Extracted data:
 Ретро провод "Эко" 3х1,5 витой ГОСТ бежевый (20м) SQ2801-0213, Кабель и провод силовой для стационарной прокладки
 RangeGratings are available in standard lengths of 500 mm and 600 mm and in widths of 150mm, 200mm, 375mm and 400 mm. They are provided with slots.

...

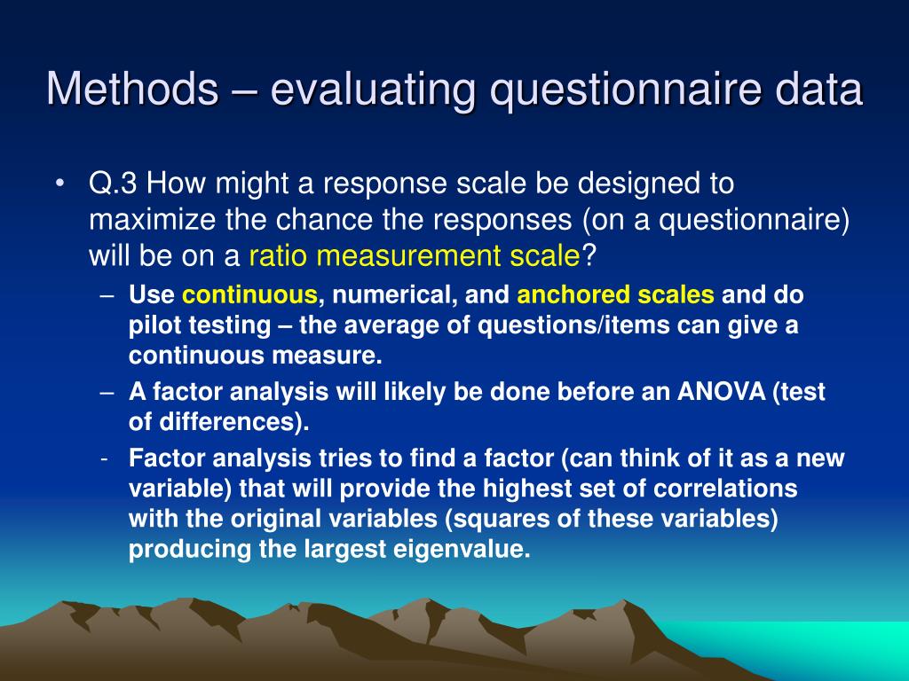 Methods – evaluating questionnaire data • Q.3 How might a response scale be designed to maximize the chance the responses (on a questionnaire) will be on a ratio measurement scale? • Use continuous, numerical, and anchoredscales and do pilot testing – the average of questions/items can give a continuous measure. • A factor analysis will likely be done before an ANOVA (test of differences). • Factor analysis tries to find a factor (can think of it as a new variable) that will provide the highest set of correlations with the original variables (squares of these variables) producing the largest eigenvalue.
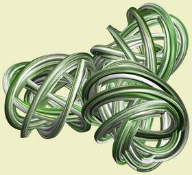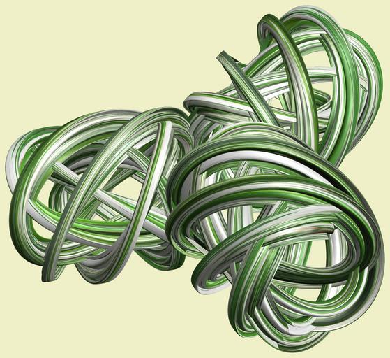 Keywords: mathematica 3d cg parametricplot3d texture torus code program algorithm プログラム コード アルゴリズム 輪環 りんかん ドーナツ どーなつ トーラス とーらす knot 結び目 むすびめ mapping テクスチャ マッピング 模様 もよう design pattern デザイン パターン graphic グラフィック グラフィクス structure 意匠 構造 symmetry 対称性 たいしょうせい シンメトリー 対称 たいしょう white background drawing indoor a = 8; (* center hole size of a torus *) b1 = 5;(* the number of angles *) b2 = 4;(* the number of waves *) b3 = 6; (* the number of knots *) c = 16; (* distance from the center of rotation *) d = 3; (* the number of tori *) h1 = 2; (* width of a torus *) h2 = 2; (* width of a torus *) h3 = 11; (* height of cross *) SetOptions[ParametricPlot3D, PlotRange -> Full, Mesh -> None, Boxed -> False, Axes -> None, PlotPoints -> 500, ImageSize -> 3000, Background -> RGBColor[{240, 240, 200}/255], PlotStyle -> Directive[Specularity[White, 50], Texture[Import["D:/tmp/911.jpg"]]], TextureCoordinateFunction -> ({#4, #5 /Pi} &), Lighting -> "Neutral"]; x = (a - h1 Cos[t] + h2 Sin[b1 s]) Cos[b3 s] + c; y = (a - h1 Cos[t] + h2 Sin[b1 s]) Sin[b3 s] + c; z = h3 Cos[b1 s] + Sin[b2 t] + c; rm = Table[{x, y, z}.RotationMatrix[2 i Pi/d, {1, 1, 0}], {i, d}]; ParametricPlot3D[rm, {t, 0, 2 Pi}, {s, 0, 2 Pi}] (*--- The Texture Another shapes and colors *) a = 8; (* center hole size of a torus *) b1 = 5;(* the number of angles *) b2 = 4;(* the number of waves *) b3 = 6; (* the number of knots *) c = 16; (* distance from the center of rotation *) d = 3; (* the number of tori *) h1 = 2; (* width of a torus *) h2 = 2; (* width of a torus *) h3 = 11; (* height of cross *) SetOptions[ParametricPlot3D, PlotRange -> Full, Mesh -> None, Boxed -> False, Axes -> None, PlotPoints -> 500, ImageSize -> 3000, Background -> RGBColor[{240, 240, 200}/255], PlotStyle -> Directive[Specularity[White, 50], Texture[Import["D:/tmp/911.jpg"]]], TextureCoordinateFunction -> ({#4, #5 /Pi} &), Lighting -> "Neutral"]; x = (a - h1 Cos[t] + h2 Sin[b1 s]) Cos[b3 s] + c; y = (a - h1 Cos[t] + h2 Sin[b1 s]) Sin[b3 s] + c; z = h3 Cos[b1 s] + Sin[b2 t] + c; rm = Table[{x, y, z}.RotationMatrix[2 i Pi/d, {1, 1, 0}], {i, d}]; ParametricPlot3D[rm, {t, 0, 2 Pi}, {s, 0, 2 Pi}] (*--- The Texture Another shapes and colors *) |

Exercise brief: In the listing above, find the line with "для стационарной прокладки" and the line with "RangeGratings are available", then print exactly those lines and every line between them.

Solution to this exercise:
 Ретро провод "Эко" 3х1,5 витой ГОСТ бежевый (20м) SQ2801-0213, Кабель и провод силовой для стационарной прокладки
 RangeGratings are available in standard lengths of 500 mm and 600 mm and in widths of 150mm, 200mm, 375mm and 400 mm. They are provided with slots.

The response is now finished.